== The data ==
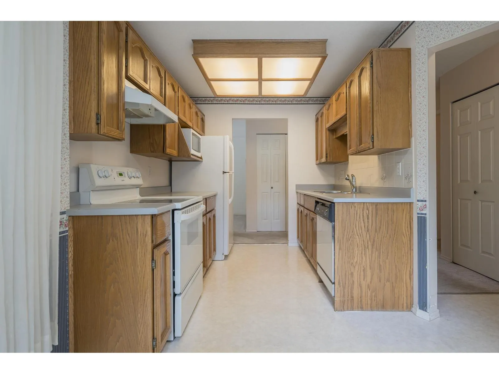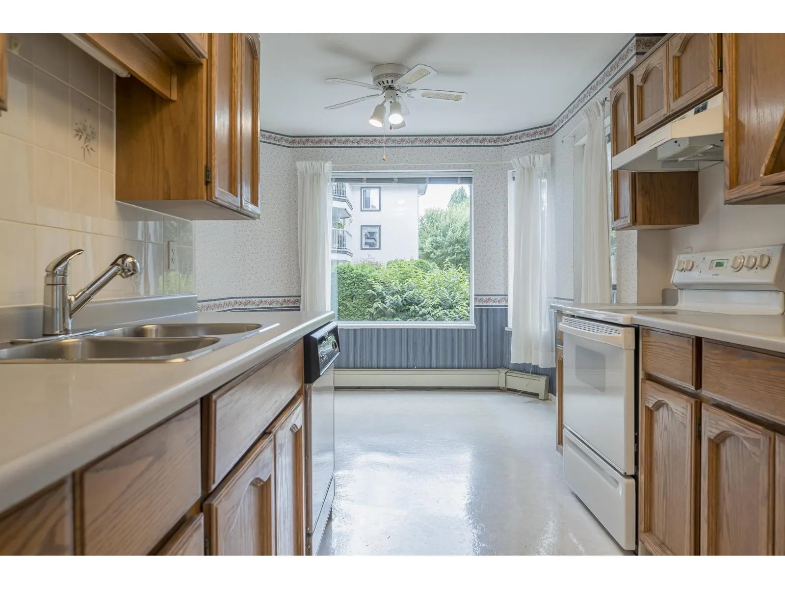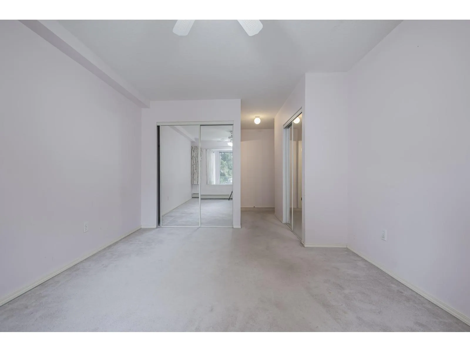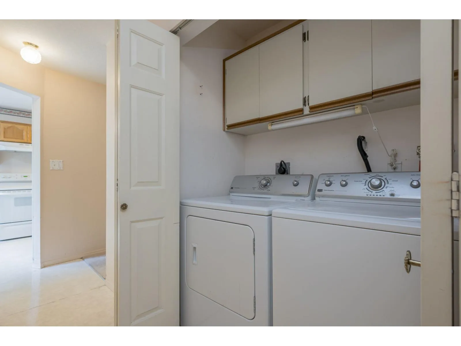 Welcome to MAYFAIR PLACE - a well-maintained 55+ community in Abbotsford! This bright & spacious 2 bed / 2 bath corner unit offers 1140 sq ft of comfortable living space. Situated on the 1st floor (but not ground level), this end unit provides added privacy & a quiet, peaceful setting. The home features a large primary bedroom with ensuite, a well-sized second bedroom, & a functional layout that's perfect for easy living. In original condition & well cared for, it's a blank canvas ready for your renovation ideas. Enjoy the convenience of one parking stall & a dedicated storage locker, plus building amenities including a rec room for entertaining and a workshop for your creativity. Close to shopping, restaurants, and public transportation. You don't want to miss this one! (id:27476)
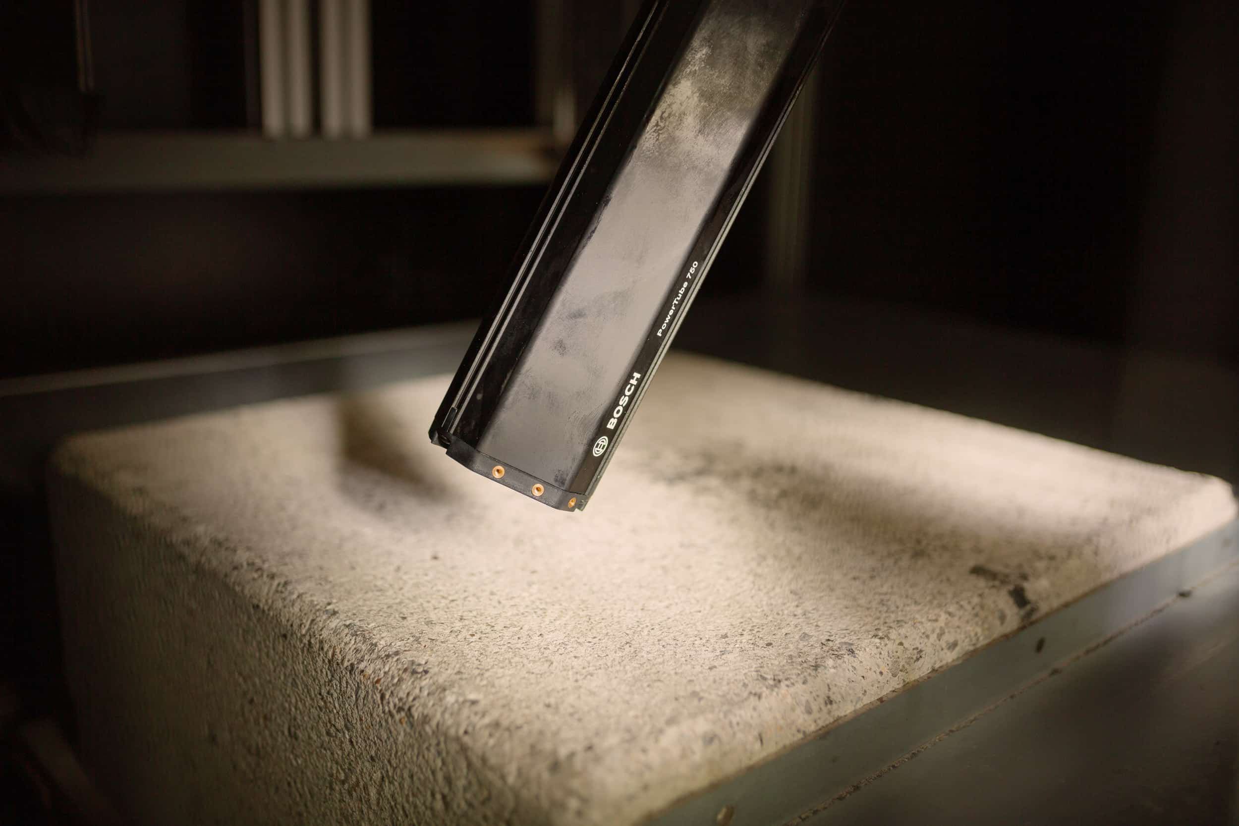 En dessous, on a donc un « petit » espace laboratoire. Petit entre guillemets, car si on se doute que Bosch a beaucoup plus de moyens à sa disposition, ce qu’on a pu voir serait déjà bien grand et confortable pour d’autres marques. Ici, on teste notamment les batteries, d’un point de vue électrique et fonctionnement, mais pas seulement, à l’image de ce « drop test » où la batterie fait une chute d’1 m de haut pour « atterrir » sur une plaque en béton. Bosch vérifiera ensuite le bon fonctionnement de l’ensemble et étudiera la vidéo du test, prise à l’aide d’une caméra haute vitesse, pour analyser l’impact plus en détail.
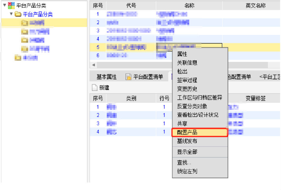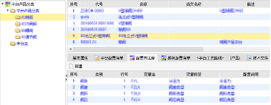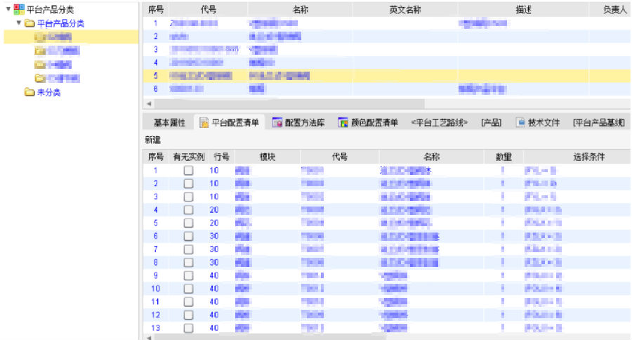 平台产品涉及的各种结构模块在平台配置清单中进行管理,定义某项对应的BOM结构,供订单产品设计时选择。
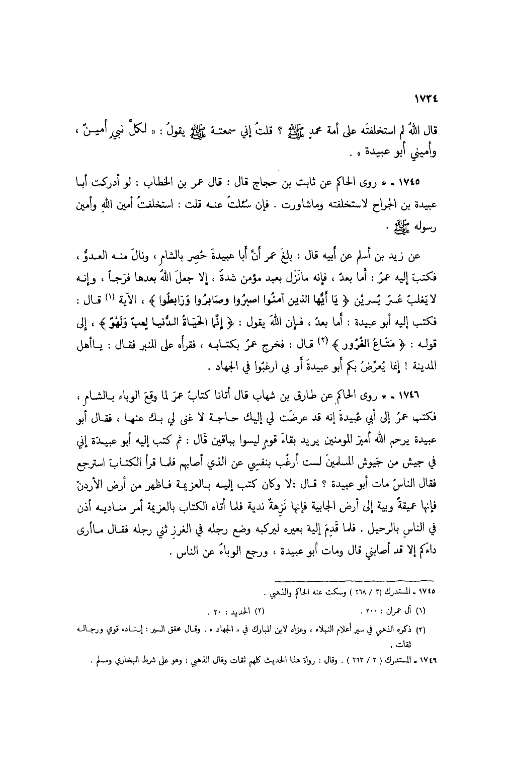 1745 - * روى الحاكم عن ثابت بن حجاج قال: قال عمر بن الخطاب: لو أدركت أبا عبيدة بن الجراح لاستخلفته وما شاورت. فإن سئلت عنه قلت: استخلفت أمين الله وأمين رسوله صلى الله عليه وسلم.
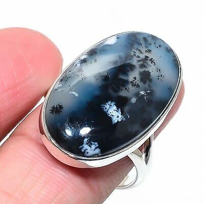 Natural Dendrite Opal Gemstone 925 Solid Sterling Silver Jewelry Ring S.9.5
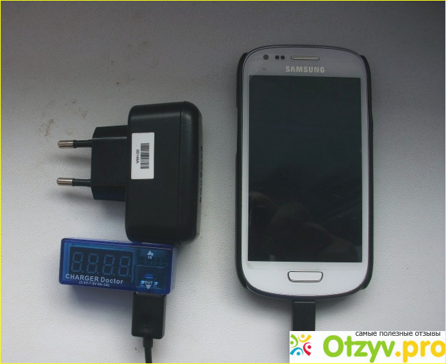 Устройство подключено к стандартному зарядному устройству смартфона. Хорошо виден недостаток компоновки. Выступающая часть может мешать нормальному включению в розетку.
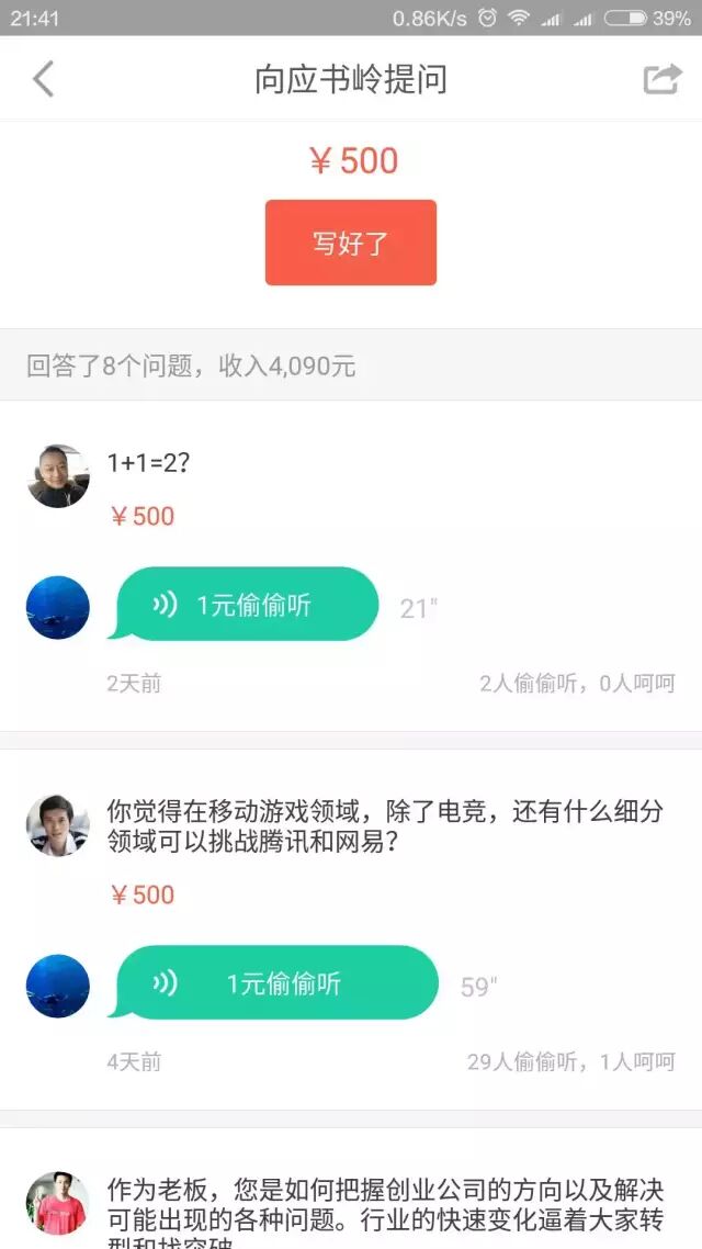 4、冯仑、应书岭(当然也包括王思聪)这种投资人、商界头头,只要有创业者存在,就不缺捧哏的——更何况我们游戏行业的精英,买个量刷个榜什么的,那是玩得极溜的,小小的“分答”运营团队,犹如刀俎间的鱼肉,根本无从招架,所以这一块流量的上限完全取决于精英对“分答”营销价值的理解。
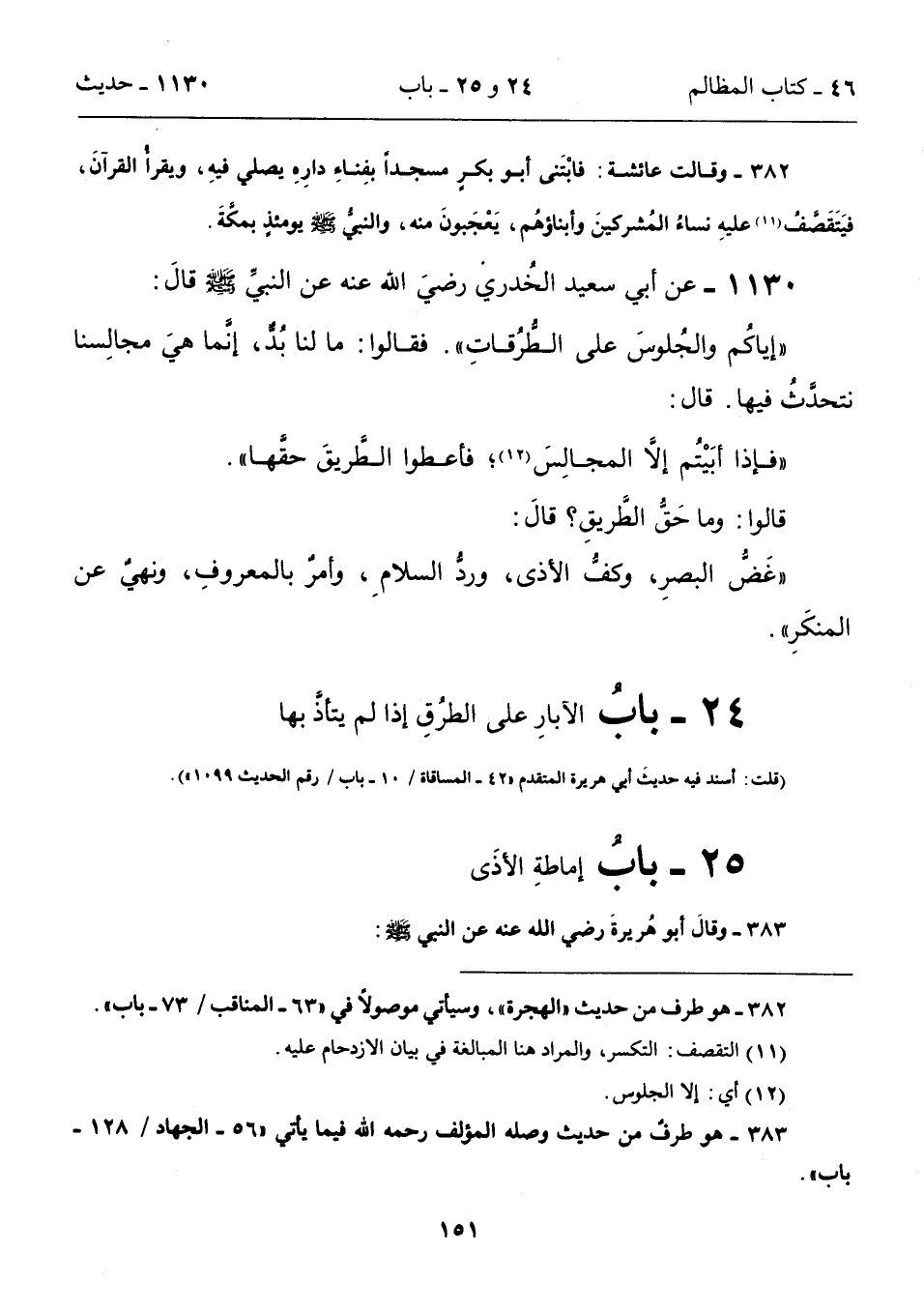 "فإذا أبَيْتُم إلاَّ المجالِسَ (12)؛ فأعطوا الطَّريقَ حقَّها".

== Task item ==
Reproduce each record above by retyping it exactly; omit all images.

== Answer for the task ==
 Welcome to MAYFAIR PLACE - a well-maintained 55+ community in Abbotsford! This bright & spacious 2 bed / 2 bath corner unit offers 1140 sq ft of comfortable living space. Situated on the 1st floor (but not ground level), this end unit provides added privacy & a quiet, peaceful setting. The home features a large primary bedroom with ensuite, a well-sized second bedroom, & a functional layout that's perfect for easy living. In original condition & well cared for, it's a blank canvas ready for your renovation ideas. Enjoy the convenience of one parking stall & a dedicated storage locker, plus building amenities including a rec room for entertaining and a workshop for your creativity. Close to shopping, restaurants, and public transportation. You don't want to miss this one! (id:27476)
 En dessous, on a donc un « petit » espace laboratoire. Petit entre guillemets, car si on se doute que Bosch a beaucoup plus de moyens à sa disposition, ce qu’on a pu voir serait déjà bien grand et confortable pour d’autres marques. Ici, on teste notamment les batteries, d’un point de vue électrique et fonctionnement, mais pas seulement, à l’image de ce « drop test » où la batterie fait une chute d’1 m de haut pour « atterrir » sur une plaque en béton. Bosch vérifiera ensuite le bon fonctionnement de l’ensemble et étudiera la vidéo du test, prise à l’aide d’une caméra haute vitesse, pour analyser l’impact plus en détail.
 平台产品涉及的各种结构模块在平台配置清单中进行管理,定义某项对应的BOM结构,供订单产品设计时选择。
 1745 - * روى الحاكم عن ثابت بن حجاج قال: قال عمر بن الخطاب: لو أدركت أبا عبيدة بن الجراح لاستخلفته وما شاورت. فإن سئلت عنه قلت: استخلفت أمين الله وأمين رسوله صلى الله عليه وسلم.
 Natural Dendrite Opal Gemstone 925 Solid Sterling Silver Jewelry Ring S.9.5
 Устройство подключено к стандартному зарядному устройству смартфона. Хорошо виден недостаток компоновки. Выступающая часть может мешать нормальному включению в розетку.
 4、冯仑、应书岭(当然也包括王思聪)这种投资人、商界头头,只要有创业者存在,就不缺捧哏的——更何况我们游戏行业的精英,买个量刷个榜什么的,那是玩得极溜的,小小的“分答”运营团队,犹如刀俎间的鱼肉,根本无从招架,所以这一块流量的上限完全取决于精英对“分答”营销价值的理解。
 "فإذا أبَيْتُم إلاَّ المجالِسَ (12)؛ فأعطوا الطَّريقَ حقَّها".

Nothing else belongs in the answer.